Task to carry out: Using the entries that follow, write out the line containing "MUSÉE DES CRISTALLERIES DE", the line containing "The first zone", and every line between them, exactly and nothing else.

Material supplied:
::::::
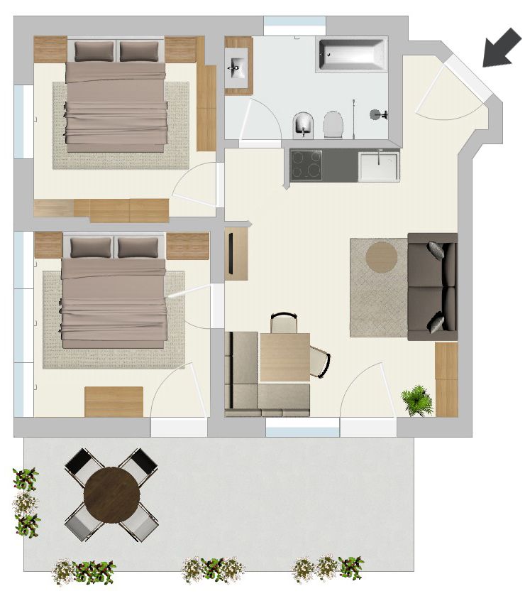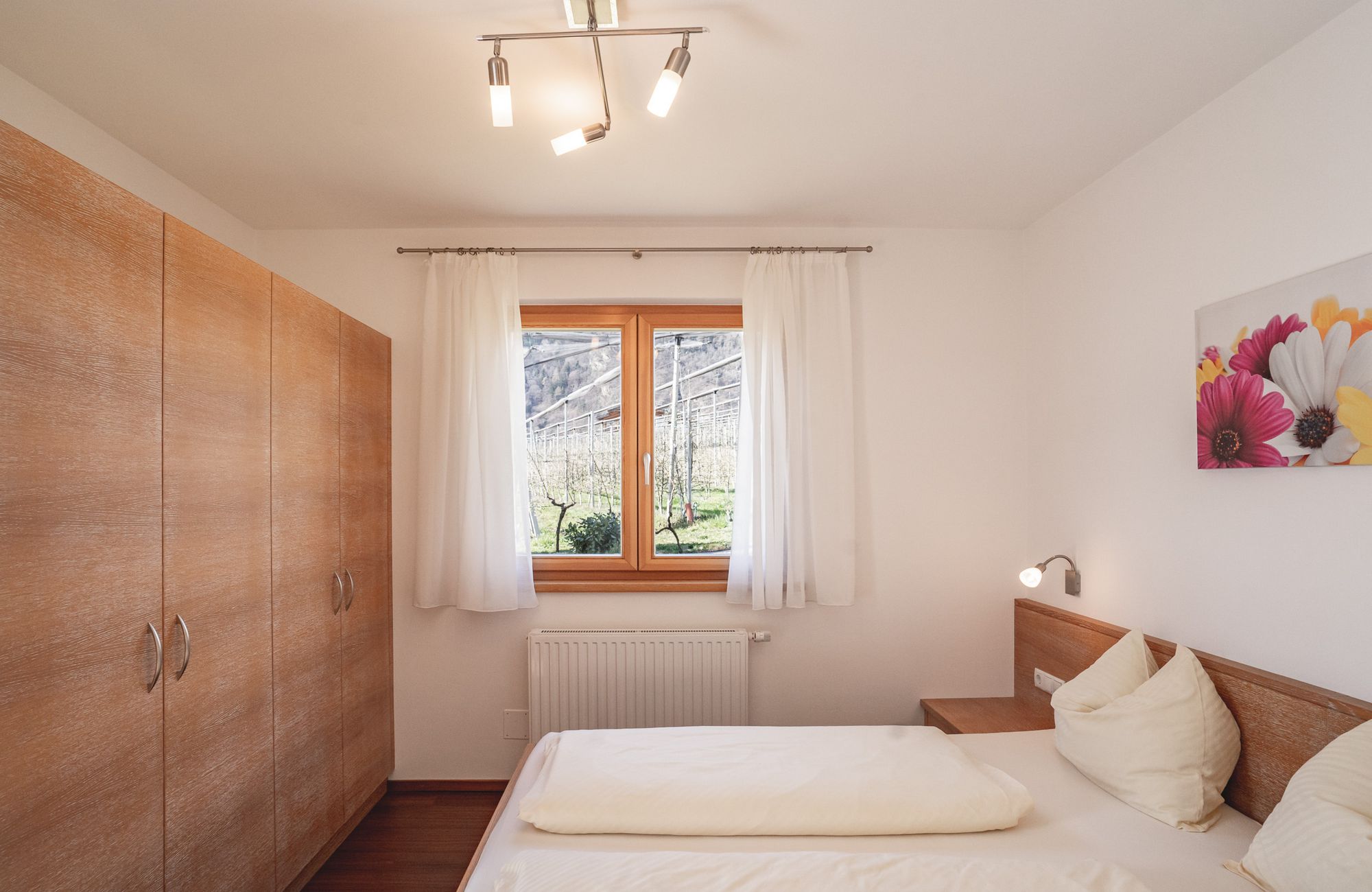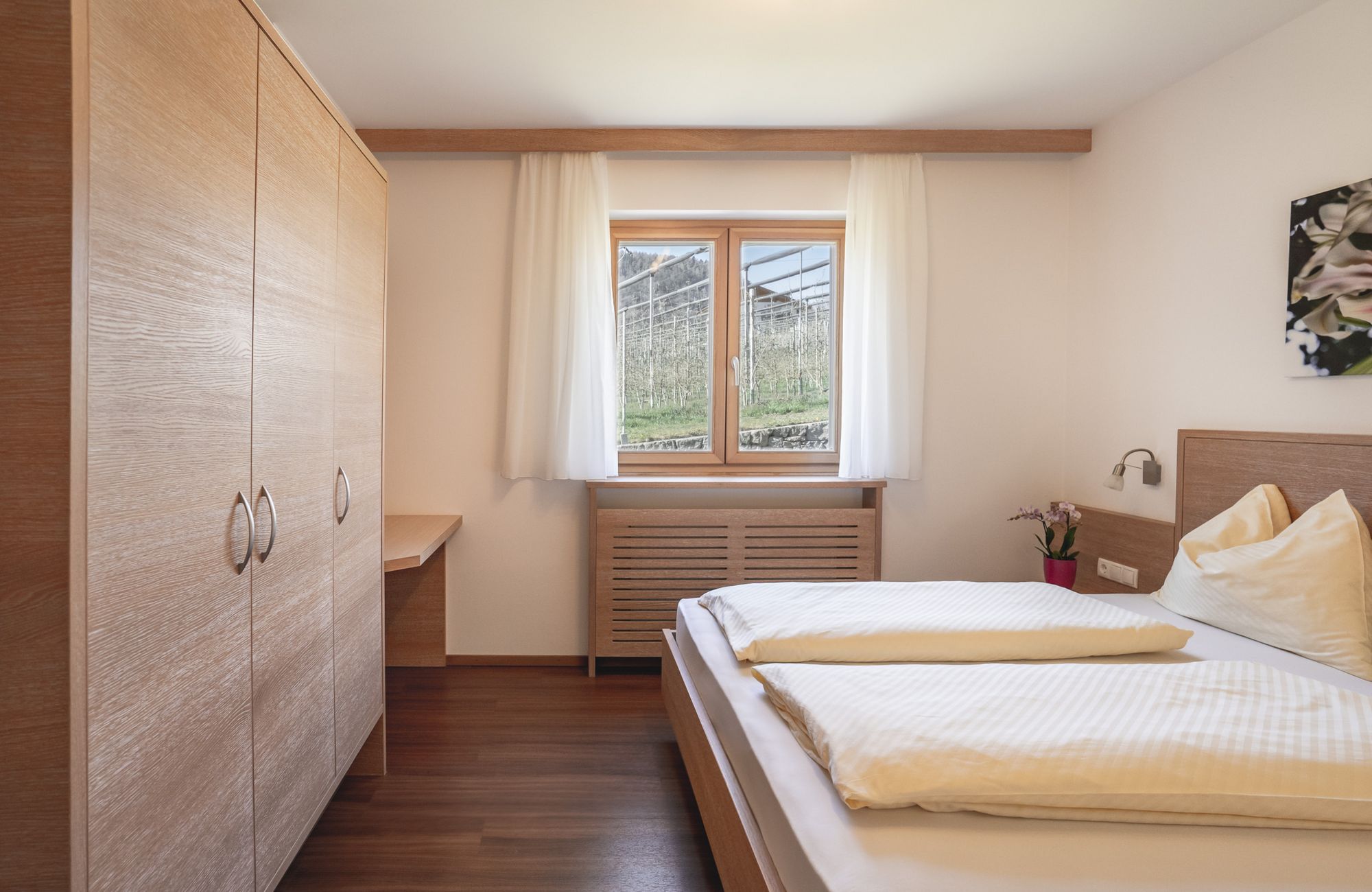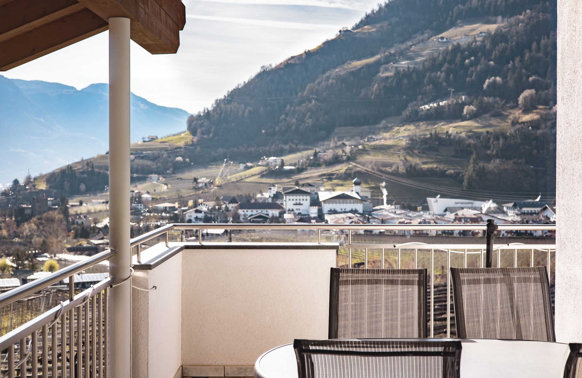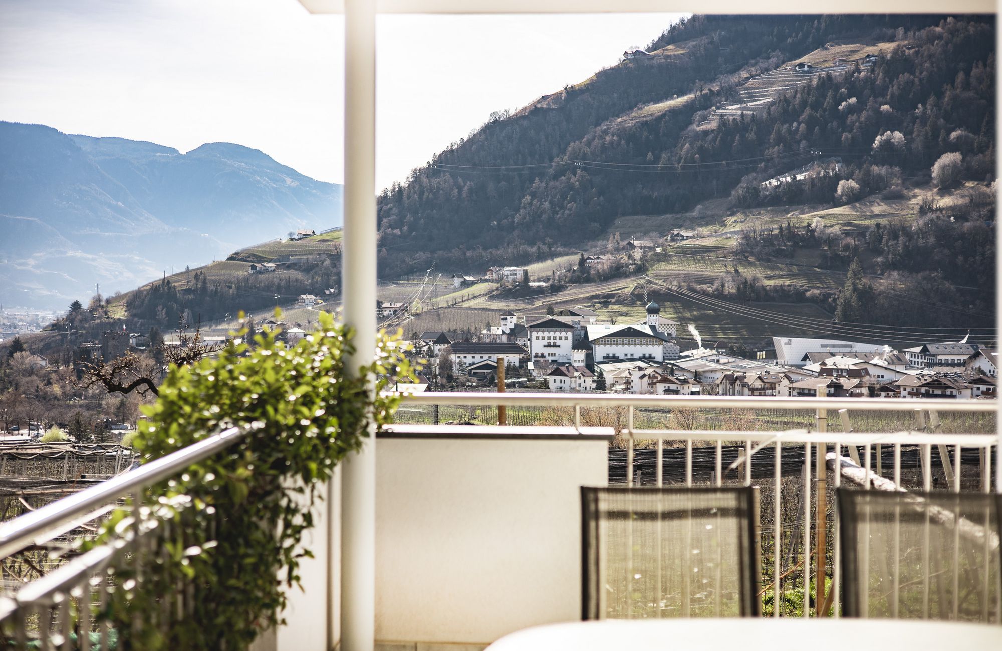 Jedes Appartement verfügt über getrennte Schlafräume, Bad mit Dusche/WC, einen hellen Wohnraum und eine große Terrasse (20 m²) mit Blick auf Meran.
::::::
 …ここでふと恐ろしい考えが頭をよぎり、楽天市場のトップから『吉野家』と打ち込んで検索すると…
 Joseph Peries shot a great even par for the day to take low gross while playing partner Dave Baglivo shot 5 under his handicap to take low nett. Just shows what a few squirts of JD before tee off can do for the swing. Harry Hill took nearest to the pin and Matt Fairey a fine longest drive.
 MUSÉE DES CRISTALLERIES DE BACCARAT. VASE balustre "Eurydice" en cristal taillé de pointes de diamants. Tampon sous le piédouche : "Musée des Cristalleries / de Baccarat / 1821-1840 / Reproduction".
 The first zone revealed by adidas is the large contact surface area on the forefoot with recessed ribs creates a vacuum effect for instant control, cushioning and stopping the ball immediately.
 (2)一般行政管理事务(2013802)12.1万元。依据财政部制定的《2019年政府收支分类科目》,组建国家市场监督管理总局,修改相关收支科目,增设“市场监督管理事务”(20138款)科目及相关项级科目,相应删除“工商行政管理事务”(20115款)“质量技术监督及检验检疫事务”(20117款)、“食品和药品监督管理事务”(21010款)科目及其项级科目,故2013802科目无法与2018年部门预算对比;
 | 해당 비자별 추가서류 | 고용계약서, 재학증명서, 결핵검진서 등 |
::::::
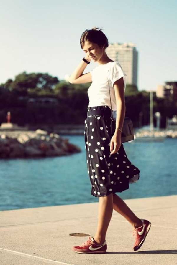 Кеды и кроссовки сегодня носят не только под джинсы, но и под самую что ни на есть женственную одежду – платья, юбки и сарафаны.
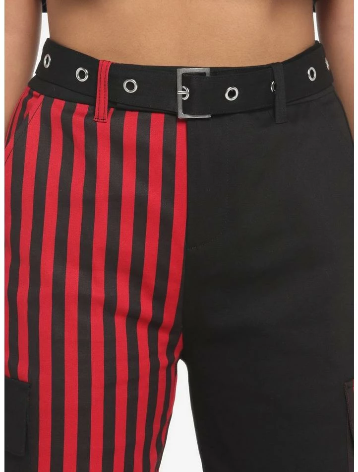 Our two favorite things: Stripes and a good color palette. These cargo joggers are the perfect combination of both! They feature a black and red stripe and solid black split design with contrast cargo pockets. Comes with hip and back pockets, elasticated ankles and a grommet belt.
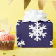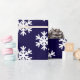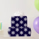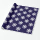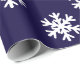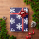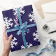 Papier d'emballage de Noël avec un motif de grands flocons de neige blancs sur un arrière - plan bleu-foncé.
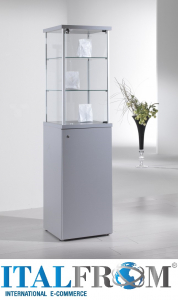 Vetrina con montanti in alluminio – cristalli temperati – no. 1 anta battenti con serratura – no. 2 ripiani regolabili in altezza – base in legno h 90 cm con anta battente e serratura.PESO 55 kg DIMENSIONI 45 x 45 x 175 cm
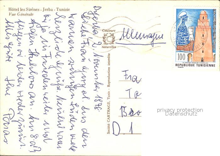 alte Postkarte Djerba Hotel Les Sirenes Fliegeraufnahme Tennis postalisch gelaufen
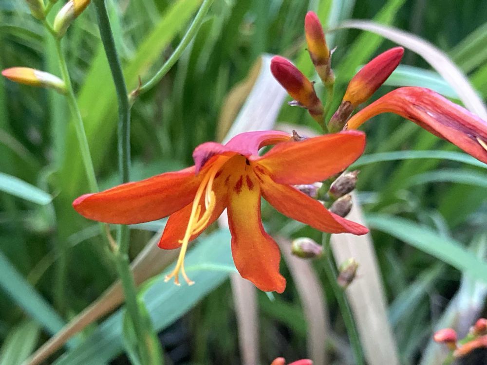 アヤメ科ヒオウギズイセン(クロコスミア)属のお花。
::::::
Written solution:
 MUSÉE DES CRISTALLERIES DE BACCARAT. VASE balustre "Eurydice" en cristal taillé de pointes de diamants. Tampon sous le piédouche : "Musée des Cristalleries / de Baccarat / 1821-1840 / Reproduction".
 The first zone revealed by adidas is the large contact surface area on the forefoot with recessed ribs creates a vacuum effect for instant control, cushioning and stopping the ball immediately.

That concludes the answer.